*Work request*
Below are records with pictures in them. Transcribe everything from the line containing "Elastyczne rozmieszczenie umożliwiają" down to the line containing "自定義里面是將任務(wù)與Mobox的功能點(diǎn)集合在一起", exactly, and leave the pictures behind.

*Source data*
##########
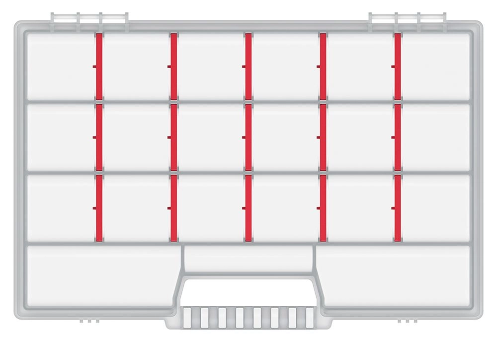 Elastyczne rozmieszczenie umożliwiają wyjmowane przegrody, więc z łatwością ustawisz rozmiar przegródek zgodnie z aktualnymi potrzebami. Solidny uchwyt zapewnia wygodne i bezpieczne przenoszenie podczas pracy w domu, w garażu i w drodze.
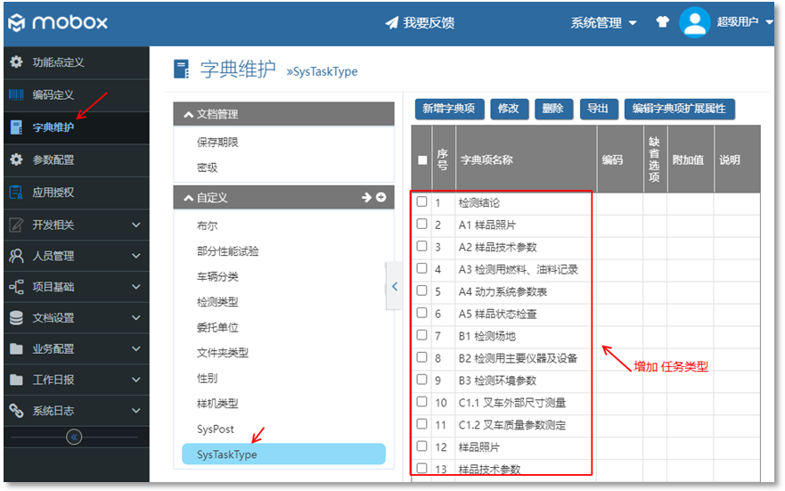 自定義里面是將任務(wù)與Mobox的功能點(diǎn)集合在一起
##########
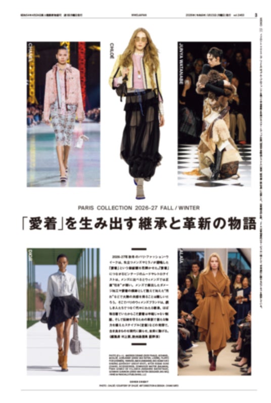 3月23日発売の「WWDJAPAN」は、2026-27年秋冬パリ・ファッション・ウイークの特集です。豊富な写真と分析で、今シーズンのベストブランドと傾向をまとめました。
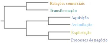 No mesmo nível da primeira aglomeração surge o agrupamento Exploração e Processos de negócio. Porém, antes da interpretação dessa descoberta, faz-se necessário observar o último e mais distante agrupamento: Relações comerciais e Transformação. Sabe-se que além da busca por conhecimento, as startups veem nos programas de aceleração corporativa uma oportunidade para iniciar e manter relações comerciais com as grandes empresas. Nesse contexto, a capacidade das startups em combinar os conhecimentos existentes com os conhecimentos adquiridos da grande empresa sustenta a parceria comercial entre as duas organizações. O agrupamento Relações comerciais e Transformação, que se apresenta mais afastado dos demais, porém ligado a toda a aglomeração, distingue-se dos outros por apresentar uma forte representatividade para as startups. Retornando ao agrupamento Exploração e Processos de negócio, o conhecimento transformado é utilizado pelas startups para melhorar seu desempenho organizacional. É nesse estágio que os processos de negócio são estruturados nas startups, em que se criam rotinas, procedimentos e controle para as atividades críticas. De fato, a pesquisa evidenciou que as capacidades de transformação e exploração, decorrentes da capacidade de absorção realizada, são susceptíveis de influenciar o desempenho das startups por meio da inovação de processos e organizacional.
##########
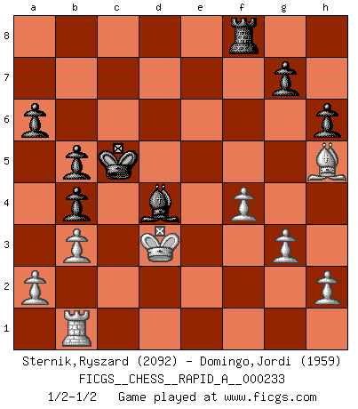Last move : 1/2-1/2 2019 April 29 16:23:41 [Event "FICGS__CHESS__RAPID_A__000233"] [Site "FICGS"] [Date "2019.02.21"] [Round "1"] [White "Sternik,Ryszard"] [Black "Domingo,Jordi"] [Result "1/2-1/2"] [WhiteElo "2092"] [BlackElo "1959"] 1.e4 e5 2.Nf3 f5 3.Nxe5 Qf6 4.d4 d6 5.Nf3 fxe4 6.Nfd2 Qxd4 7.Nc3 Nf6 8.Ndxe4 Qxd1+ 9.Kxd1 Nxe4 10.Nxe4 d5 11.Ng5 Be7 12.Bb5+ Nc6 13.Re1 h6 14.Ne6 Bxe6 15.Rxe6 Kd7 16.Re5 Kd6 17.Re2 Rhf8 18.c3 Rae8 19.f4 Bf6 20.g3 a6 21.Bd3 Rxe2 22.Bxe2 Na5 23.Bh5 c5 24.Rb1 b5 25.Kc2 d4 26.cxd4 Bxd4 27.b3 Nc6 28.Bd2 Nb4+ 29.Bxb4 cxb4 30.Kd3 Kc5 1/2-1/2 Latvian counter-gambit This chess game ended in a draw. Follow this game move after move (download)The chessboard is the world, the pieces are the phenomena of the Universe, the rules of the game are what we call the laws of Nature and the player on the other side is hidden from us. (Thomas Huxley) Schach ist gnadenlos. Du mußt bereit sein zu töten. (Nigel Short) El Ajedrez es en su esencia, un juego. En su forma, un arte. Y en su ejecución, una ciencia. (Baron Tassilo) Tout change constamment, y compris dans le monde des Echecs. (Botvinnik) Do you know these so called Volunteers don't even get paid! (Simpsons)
##########
*Result for this task*
 Elastyczne rozmieszczenie umożliwiają wyjmowane przegrody, więc z łatwością ustawisz rozmiar przegródek zgodnie z aktualnymi potrzebami. Solidny uchwyt zapewnia wygodne i bezpieczne przenoszenie podczas pracy w domu, w garażu i w drodze.
 自定義里面是將任務(wù)與Mobox的功能點(diǎn)集合在一起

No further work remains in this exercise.